⟨ʀ⟩emote in Chicago
I am delighted to be able to declare that Thomas Giles gave the World Premiere of my soprano saxophone solo ⟨ʀ⟩emote in the Frequency Series at the Constellations venue in Chicago on 5 November. The livestream of the concert is already online: you can hear it here. ⟨ʀ⟩emote is directly after the intermission and starts at 54:15. The piece proper is about 12 minutes. I recommend watching the whole gig, though –Thomas is a supremely talented player and it is simply a joy to observe him in action. I went to buy a ticket for the livestream, but that no longer seems to be an option.
One of the downsides of writing music for other musicians to play is that there is inevitably a delay between completing the work and actually hearing it. Soon after Thomas asked me to write for him I was told that I would need imminent cancer surgery, so I rather hurriedly got stuck into writing, and finished the piece a few days before going under the knife. So Thomas’ learning the piece was effectively coextant with my recuperation, and he played the piece a little over a month after getting it, which is both a testimony to his astonishing capacity to absorb music, and a real treat for me to get such near-immediate gratification.
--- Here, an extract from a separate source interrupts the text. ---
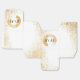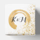 'Gold Leaf Spry' wedding collection design brings cheek to chic. Sparkly simple, minimalist design. A double sided wedding stationary, announcement text on one site and on the other side the bride and groom a duo-gram initials on top of a gold leaf seal. There are 2 versions of a gold leaf seal; A hollow circled brush stroke, and the other is like a messy ink spill.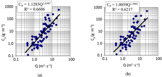 Relationship between the suspended sediment concentration measured in the point of cross section (CP) of a water gauge and mean 24 h flows (Q) established for: (a) cross section of the upper water gauge and (b) cross section of the lower water gauge season: summer heavy rainfalls.

If there is a single element of Thomas’ performance that I would particularly highlight, it is his ability to project the meaning embedded in the piece. Often premieres are renderings of the surface of the music, and the deeper message emerges after a few outings. Here, I feel that Thomas gets to the heart of it from the first notes. Enjoy his performance!
It struck me soon after completing ⟨ʀ⟩emote that it made an interesting pair with my fairly recent bass clarinet piece that I wrote for Drew Gilchrist, the effort to return to the cities of the sane, (tetrocos for short). The pieces have at least two shared gestural features: they involve a very rapid churn of expressivity, and are both highly rigorous. The intent in tetrocos is to effect a sense of barely-controlled precipitousness, where the player is taken on an unpredictable wild ride that is quite intentionally discursive for the audience – Drew remarked that “a few people … couldn’t grasp the overarching form” – with a wilful refusal to conform to narrative logic. ⟨ʀ⟩emote, by contrast, while mercurial, is never digressive; its trajectory is (at least, intendedly) clear and intelligible.